Source records:
══════
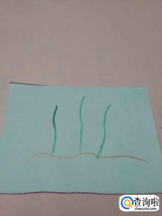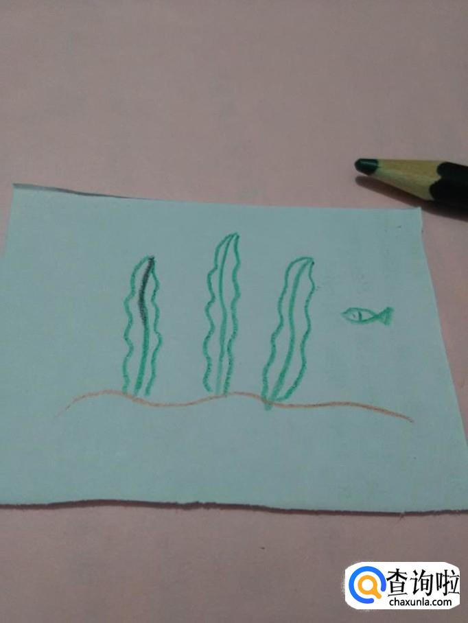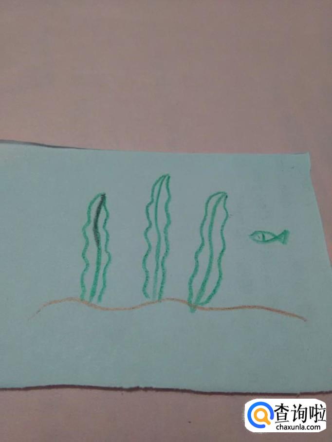 最后用绿笔在海草右边画两条交叉的弧线,表示小鱼,在小鱼的左侧画一条竖线,分出头和身体两部分。到这里,海草就画完了。
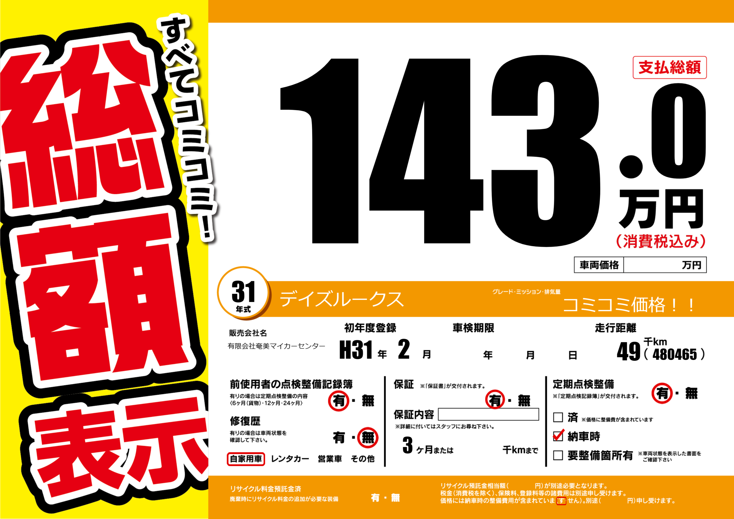 | 定期点検整備 | 定期点検整備あり 納車時あり | ||
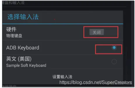 - 模拟器中安装ADBKeyBoard.apk并设置设置默认输入法为ADBKeyBoard,并关闭硬件物理键盘。
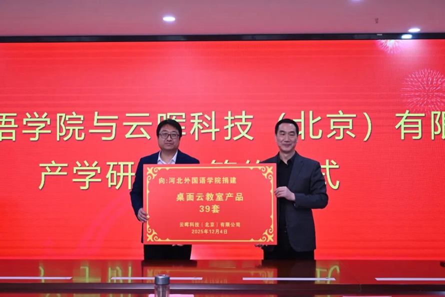 在双方友好合作的基础上,彭云海总经理代表云晖科技(北京)有限公司向河北外国语学院捐赠了“39套桌面云教育器材”,他表示:“期待从河外课堂走出来的学生,能成为我们的‘技术合伙人’。”习伟校长表示:“希望云晖的项目,能成为学生的‘实践练兵场’。”两句肺腑之言,道尽了“双向共赢”的期待。
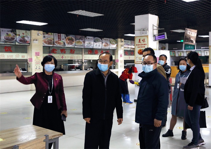 会后,检查组一行实地走访了西校区校门、防疫物资储备地、监控室、教室、食堂、学生宿舍、临时观察点等场所,深入了解校园管理、环境消毒、返校程序、分散就餐、住宿安排、医务配备和防疫物资储备等工作情况,查阅了学校疫情防控的工作台账。
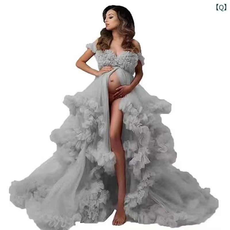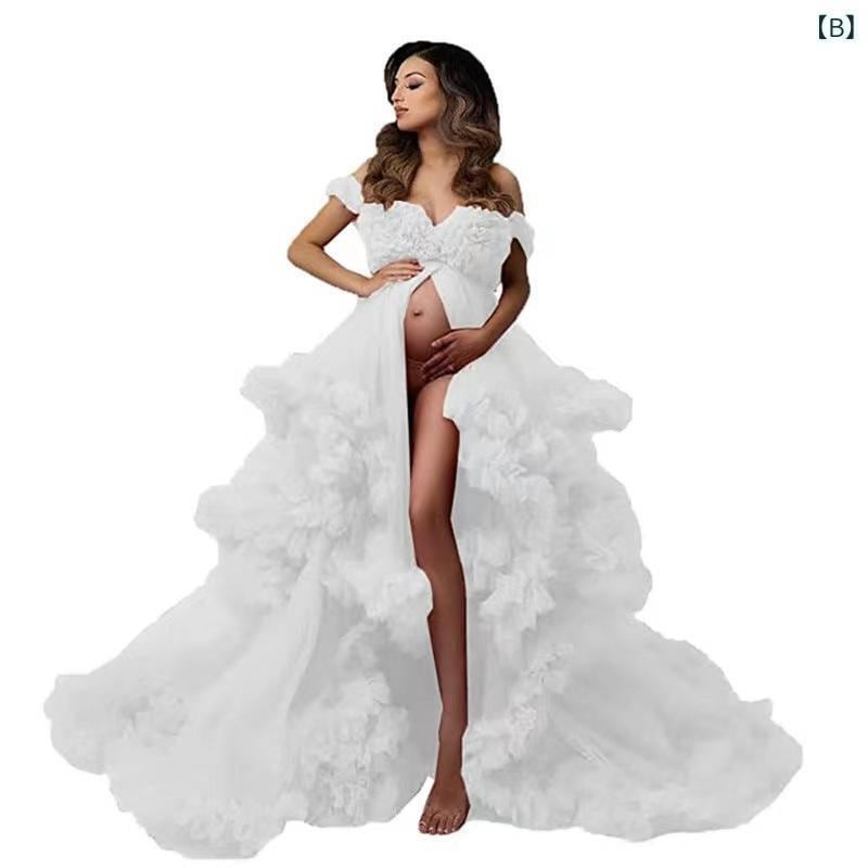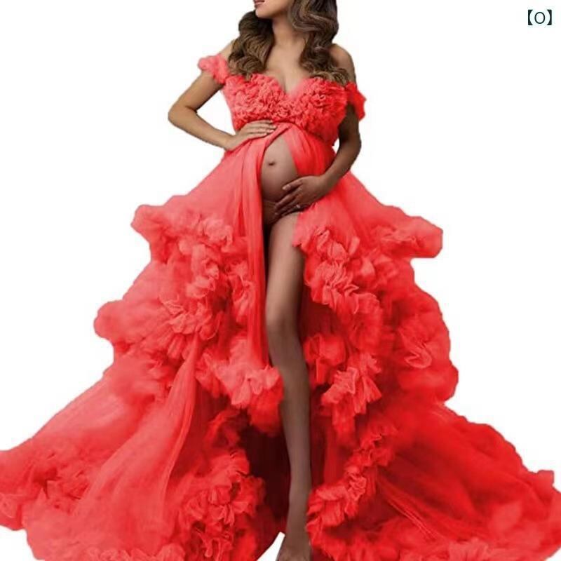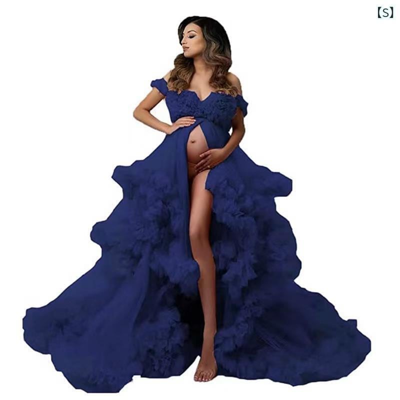 マタニティドレス ウェディングドレス フォトウェディング 撮影用 チュール シースルー 前スリット ハイウエスト 体型カバー ロングドレス エレガント ボリュームスカート Aライン ノースリーブ キャミソール トレーン
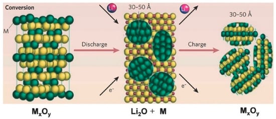 Since the pioneering work by Tarascon in 2000, conversion reaction TMOs have attracted significant attention as potential anode materials for LIBs. These anodes operate through the reaction mechanism MaOb + (2b) Li+ + (2b) e− = aM0 + bLi2O, where M denotes a transition metal [15,16,17,18,19,20,21]. As shown in Figure 1 [39], this approach involves the electrochemical conversion of TMOs into a composite of metal nanoparticles and lithium oxide (Li2O), offering much higher theoretical capacities than conventional graphite anode. Conversion-reaction TMO anodes offer several advantages [15]. Their primary benefit is a significantly higher theoretical capacity, often two to three times greater than graphite, enabling much higher energy density in LIBs. In addition, many TMOs are abundant, low-cost, and environmentally benign, making them attractive for large-scale applications. TMOs also feature high corrosion resistance and facile operation in addition to their high specific capacities [15]. These features collectively make conversion-type TMOs a promising class of high-capacity anode materials.
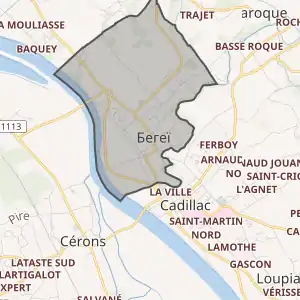 Муніципалітет розташований на відстані[2] близько 510 км на південний захід від Парижа, 30 км на південний схід від Бордо.
══════
WORK ORDER: From the records above, copy exactly the stretch from the line holding "在双方友好合作的基础上,彭云" through the line holding "会后,检查组一行实地走访了西", both ends included, without the pictures.

RESPONSE:
 在双方友好合作的基础上,彭云海总经理代表云晖科技(北京)有限公司向河北外国语学院捐赠了“39套桌面云教育器材”,他表示:“期待从河外课堂走出来的学生,能成为我们的‘技术合伙人’。”习伟校长表示:“希望云晖的项目,能成为学生的‘实践练兵场’。”两句肺腑之言,道尽了“双向共赢”的期待。
 会后,检查组一行实地走访了西校区校门、防疫物资储备地、监控室、教室、食堂、学生宿舍、临时观察点等场所,深入了解校园管理、环境消毒、返校程序、分散就餐、住宿安排、医务配备和防疫物资储备等工作情况,查阅了学校疫情防控的工作台账。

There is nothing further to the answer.